The band itself would be called Shabbath Bloody Shabbath.  In my, shall we say, excitement, I relayed this idea of mine to my fellow coworkers.  Fortunately, only one person had to ask, “Who’s Black Sabbath?”  I work with a lot of teenagers and college-age kids whose idea of “classic rock” includes Nirvana.  But, for the most part, I was fortunate to work that night with those who are savvy enough to know what good rock music is, even if they’ve only heard it on Guitar Hero and Rock Band.

Anyhoo, that got me talking about some other wacky tribute bands that I knew of through the years.  Starting with Dread Zeppelin.
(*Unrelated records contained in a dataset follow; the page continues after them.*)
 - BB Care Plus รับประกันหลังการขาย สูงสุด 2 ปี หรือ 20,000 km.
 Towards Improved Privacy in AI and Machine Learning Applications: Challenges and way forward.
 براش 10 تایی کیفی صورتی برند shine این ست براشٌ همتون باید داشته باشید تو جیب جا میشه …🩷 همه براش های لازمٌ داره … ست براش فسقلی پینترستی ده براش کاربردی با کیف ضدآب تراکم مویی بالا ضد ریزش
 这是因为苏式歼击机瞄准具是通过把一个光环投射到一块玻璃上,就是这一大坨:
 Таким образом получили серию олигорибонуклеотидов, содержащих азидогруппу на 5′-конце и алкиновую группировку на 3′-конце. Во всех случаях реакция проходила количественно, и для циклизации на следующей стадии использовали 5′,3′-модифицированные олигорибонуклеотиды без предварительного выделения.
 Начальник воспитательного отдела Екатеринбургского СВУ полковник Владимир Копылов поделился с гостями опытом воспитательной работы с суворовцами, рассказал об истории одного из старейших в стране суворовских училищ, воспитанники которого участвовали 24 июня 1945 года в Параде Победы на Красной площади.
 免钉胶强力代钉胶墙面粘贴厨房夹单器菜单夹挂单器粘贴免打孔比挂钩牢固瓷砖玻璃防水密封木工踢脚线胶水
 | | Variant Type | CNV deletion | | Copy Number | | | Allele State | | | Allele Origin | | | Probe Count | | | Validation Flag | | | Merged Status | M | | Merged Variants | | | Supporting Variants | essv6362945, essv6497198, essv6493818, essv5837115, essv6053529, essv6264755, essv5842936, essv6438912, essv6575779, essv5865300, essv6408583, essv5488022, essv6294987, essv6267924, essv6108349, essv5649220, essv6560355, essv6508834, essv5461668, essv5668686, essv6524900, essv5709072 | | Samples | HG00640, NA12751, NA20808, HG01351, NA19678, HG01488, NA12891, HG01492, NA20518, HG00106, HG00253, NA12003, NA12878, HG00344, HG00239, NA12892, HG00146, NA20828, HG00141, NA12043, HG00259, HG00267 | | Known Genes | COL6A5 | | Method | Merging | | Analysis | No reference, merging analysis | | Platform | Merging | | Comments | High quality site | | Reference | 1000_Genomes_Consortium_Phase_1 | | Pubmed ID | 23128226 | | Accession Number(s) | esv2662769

I first discovered this interesting group in 1990, with a pin-up pic in an issue of Circus Magazine.  They started off playing reggae covers of Led Zeppelin songs (later branching off to other band covers and a few original compositions), featuring a 300-pound Vegas-style Elvis Impersonator named Tortelvis as their vocalist.  The result is about as bizarrely fun as you would expect:

Then there’s Hayseed Dixie.  I heard an interview with them about a decade or so ago on a local rock station’s morning show, and thought “a bluegrass band, playing AC/DC covers?  I must find this record.”  And like Dread Zeppelin, Hayseed Dixie branched out to cover other bands’ music other than AC/DC, and the novelty of hearing a great hard rock and metal song redone into bluegrass does tend to wear off rather quickly, but it’s still hilarious for a little bit:

Richard Cheese is a bit different, as this cat didn’t set out to focus on just one band or artist in his “tribute” covers; Richard Cheese doesn’t discriminate when it comes to his lounge interpretations:

And in a rather similar vein, there’s that bizarre Gregorian chant covers of various songs from the 90s that I remember actually owning in college back in the day:

If anything, “tribute” bands like these remind me that if you can’t laugh at your own music tastes, then you’ve missed the point entirely.  Cheers.